• **Problem to solve**: Once the line with "裁剪好布条之后,只需要再另外" is found in the entries below, print it and each following line exactly, stopping after the line with "PR-1: (2-vägs, 2mon."; print nothing else.

• **Dataset**:
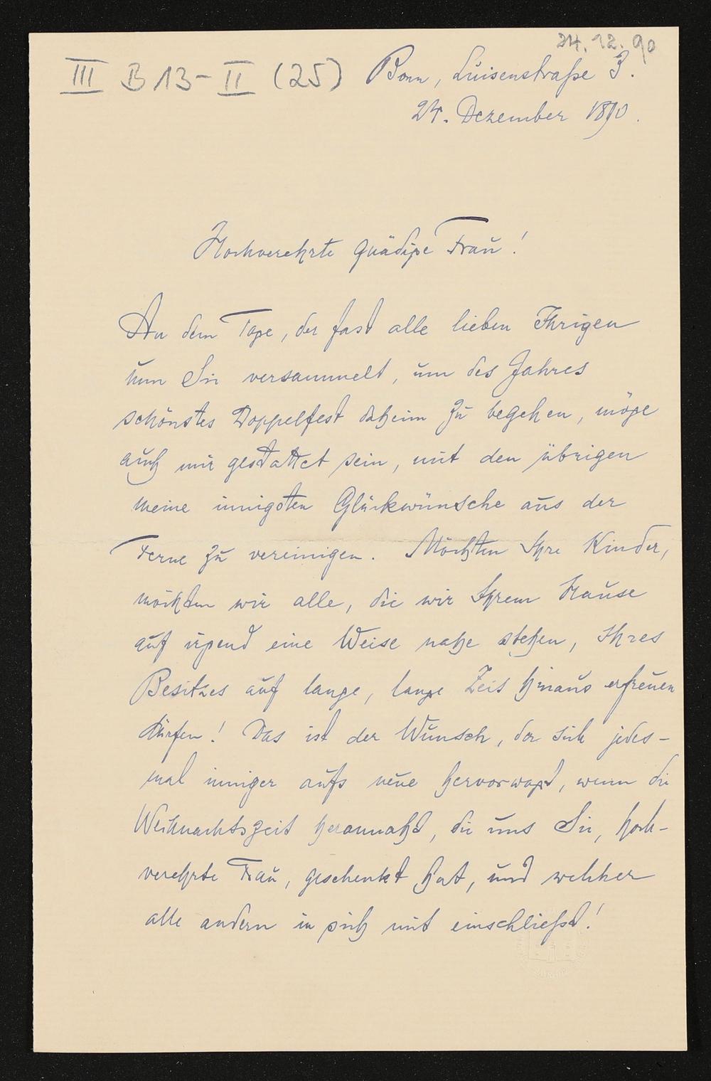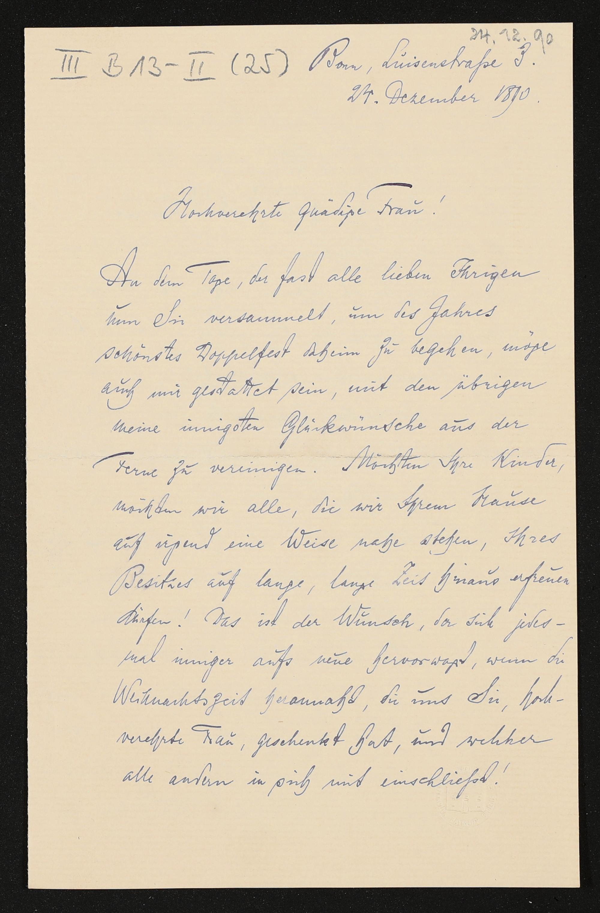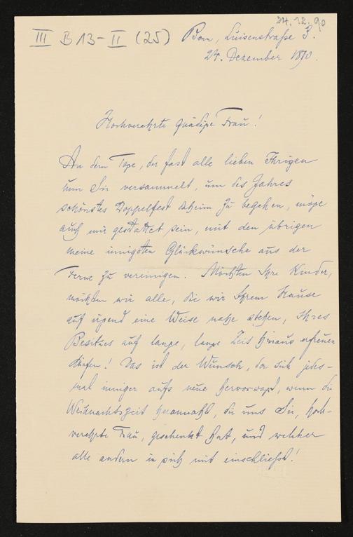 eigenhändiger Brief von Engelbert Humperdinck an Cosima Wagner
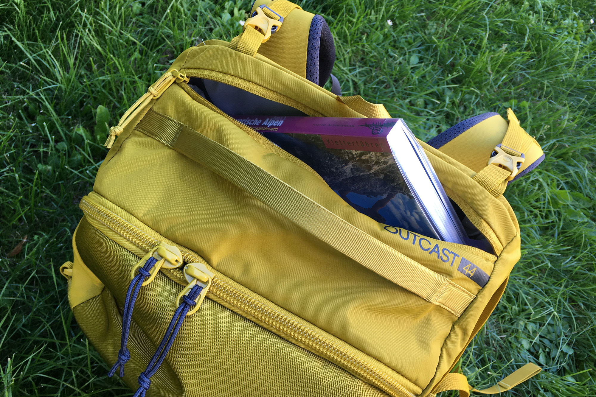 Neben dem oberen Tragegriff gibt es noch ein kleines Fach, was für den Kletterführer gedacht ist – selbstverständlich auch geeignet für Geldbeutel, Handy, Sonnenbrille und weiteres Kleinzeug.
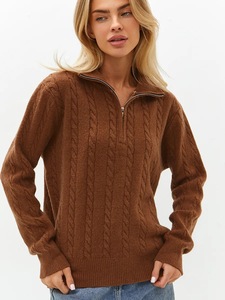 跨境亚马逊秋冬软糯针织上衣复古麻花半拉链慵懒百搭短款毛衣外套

---

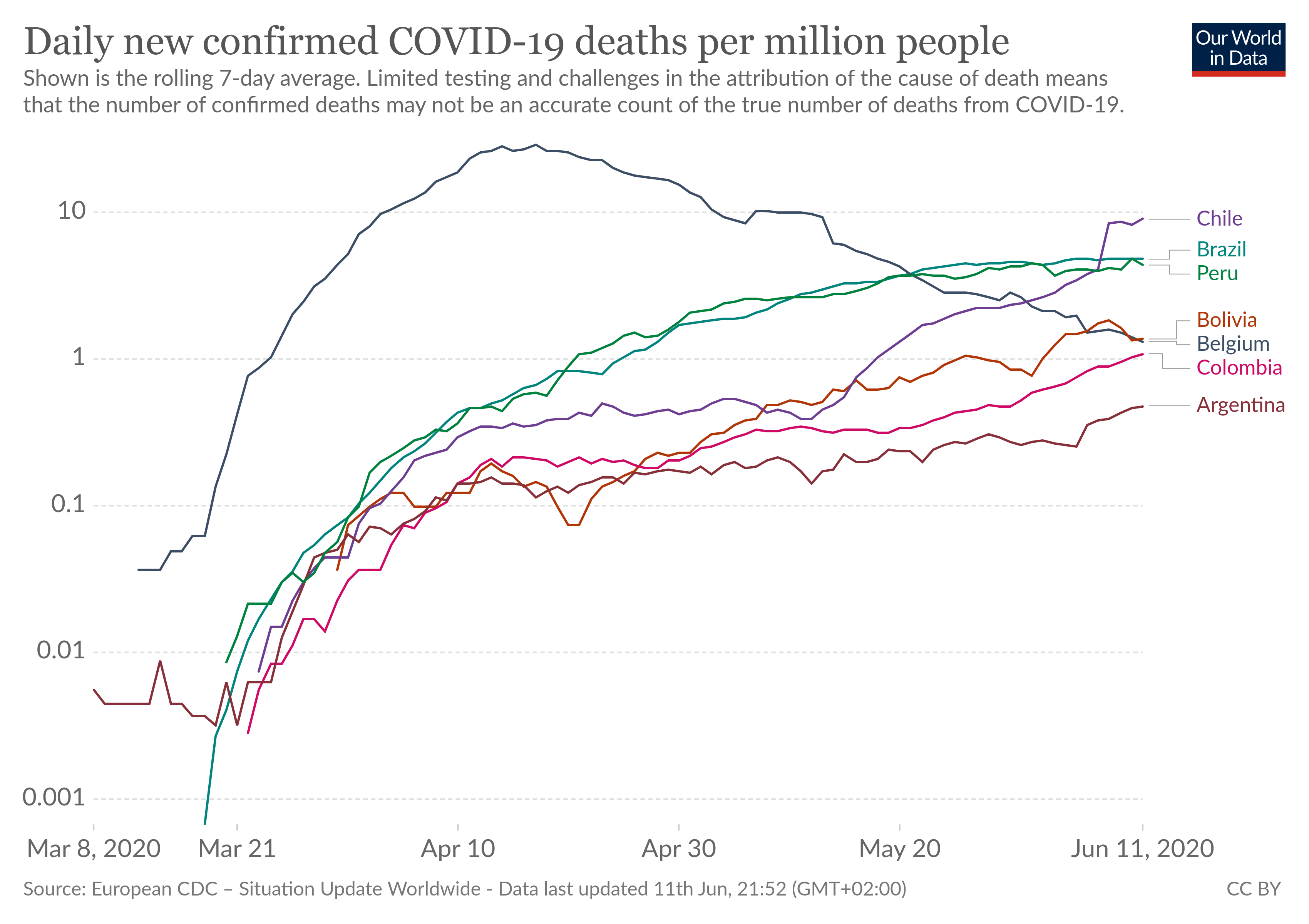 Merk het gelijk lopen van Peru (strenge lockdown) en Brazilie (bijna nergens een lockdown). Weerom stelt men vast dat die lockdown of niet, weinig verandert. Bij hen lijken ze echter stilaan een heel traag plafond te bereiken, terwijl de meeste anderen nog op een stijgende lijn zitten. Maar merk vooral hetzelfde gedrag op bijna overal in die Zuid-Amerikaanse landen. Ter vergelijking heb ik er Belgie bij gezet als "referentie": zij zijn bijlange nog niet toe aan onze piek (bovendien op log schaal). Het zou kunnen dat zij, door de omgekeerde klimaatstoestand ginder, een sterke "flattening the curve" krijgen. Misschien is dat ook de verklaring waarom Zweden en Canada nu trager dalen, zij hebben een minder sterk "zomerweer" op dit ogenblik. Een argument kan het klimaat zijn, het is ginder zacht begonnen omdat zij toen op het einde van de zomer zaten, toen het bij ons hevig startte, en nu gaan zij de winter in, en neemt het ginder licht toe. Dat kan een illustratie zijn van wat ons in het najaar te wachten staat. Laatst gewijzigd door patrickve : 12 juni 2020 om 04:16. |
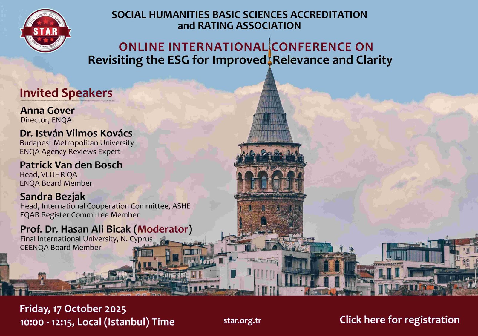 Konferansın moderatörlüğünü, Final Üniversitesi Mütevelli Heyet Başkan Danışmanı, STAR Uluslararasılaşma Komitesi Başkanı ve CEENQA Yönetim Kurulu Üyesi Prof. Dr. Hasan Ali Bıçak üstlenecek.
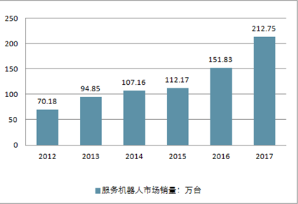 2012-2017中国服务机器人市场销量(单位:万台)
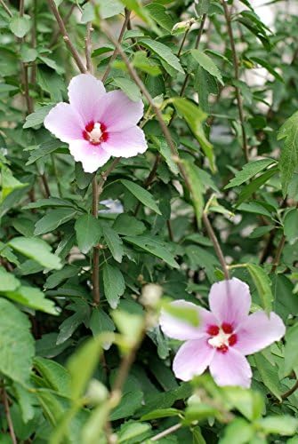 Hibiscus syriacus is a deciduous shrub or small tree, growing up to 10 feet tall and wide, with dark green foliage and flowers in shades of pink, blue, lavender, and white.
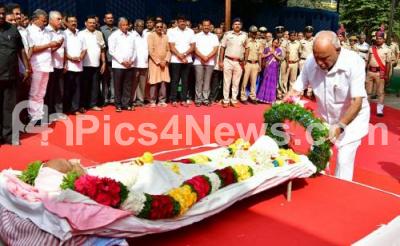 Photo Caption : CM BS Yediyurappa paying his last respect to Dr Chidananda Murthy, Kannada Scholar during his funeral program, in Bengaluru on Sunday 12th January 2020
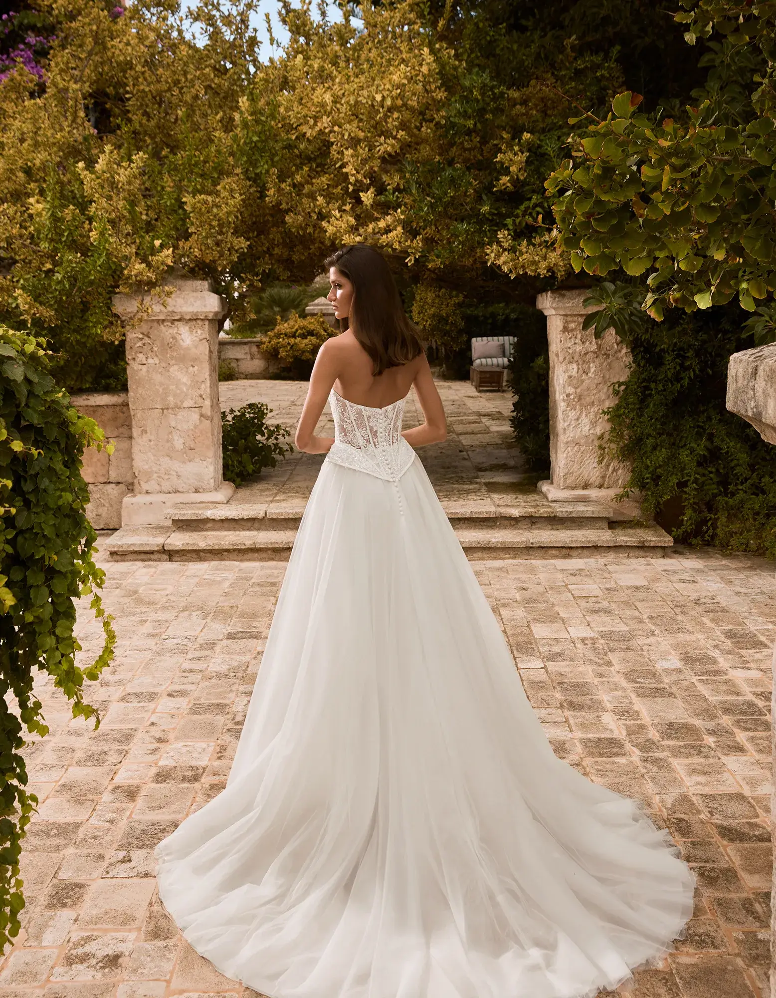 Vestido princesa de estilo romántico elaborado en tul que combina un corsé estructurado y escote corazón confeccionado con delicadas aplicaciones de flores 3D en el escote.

--

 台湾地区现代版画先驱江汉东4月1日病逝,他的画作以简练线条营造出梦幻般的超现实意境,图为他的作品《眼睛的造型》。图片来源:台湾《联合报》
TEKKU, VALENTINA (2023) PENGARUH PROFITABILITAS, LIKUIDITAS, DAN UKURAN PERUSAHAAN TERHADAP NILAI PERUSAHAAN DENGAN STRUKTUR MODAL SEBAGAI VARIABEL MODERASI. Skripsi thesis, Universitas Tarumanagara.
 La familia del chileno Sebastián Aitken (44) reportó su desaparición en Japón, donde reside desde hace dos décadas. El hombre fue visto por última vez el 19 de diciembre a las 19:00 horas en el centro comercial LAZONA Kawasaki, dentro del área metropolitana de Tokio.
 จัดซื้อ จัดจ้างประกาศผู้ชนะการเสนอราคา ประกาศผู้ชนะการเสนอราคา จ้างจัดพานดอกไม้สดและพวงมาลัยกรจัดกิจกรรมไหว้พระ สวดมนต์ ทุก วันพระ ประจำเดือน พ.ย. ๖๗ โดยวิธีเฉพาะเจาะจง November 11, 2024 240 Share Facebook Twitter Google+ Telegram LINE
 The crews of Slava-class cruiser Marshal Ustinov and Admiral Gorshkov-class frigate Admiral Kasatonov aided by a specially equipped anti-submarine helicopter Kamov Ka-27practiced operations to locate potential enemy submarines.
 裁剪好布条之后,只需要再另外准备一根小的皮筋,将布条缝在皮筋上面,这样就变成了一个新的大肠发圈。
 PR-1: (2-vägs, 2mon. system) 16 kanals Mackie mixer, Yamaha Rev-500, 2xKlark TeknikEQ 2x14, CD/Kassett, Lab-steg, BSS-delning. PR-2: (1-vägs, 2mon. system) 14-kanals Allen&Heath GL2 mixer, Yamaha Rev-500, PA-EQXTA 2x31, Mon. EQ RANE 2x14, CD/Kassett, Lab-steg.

• **Reply**:
 裁剪好布条之后,只需要再另外准备一根小的皮筋,将布条缝在皮筋上面,这样就变成了一个新的大肠发圈。
 PR-1: (2-vägs, 2mon. system) 16 kanals Mackie mixer, Yamaha Rev-500, 2xKlark TeknikEQ 2x14, CD/Kassett, Lab-steg, BSS-delning. PR-2: (1-vägs, 2mon. system) 14-kanals Allen&Heath GL2 mixer, Yamaha Rev-500, PA-EQXTA 2x31, Mon. EQ RANE 2x14, CD/Kassett, Lab-steg.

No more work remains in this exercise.